INSTRUCTIONS FOR THE TASK:
Nothing outside the range below should be printed. Output exactly the lines from the line with "同样,设计实现时,可通过使用xilinx 的IDDR 原语,将该接口使用ILOGIC" to the line with "Airwalk Petey Sandal", both included.

AVAILABLE DATA:
*** Begin section ***

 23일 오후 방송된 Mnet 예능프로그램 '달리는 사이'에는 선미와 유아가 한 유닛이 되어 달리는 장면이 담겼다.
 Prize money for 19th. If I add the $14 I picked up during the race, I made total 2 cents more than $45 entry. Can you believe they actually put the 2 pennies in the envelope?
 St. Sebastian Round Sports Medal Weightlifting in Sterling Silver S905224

*** End section ***
*** Begin section ***

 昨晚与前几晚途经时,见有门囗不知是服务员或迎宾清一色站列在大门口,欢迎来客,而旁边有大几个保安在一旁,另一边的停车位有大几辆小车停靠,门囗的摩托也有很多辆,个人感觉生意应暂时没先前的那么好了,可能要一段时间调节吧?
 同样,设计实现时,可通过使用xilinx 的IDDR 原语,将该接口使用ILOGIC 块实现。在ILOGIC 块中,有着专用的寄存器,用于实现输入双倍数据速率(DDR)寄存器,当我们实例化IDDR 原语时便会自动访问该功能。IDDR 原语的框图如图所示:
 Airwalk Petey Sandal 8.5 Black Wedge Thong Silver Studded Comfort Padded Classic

*** End section ***

THE COMPLETED TASK:
 同样,设计实现时,可通过使用xilinx 的IDDR 原语,将该接口使用ILOGIC 块实现。在ILOGIC 块中,有着专用的寄存器,用于实现输入双倍数据速率(DDR)寄存器,当我们实例化IDDR 原语时便会自动访问该功能。IDDR 原语的框图如图所示:
 Airwalk Petey Sandal 8.5 Black Wedge Thong Silver Studded Comfort Padded Classic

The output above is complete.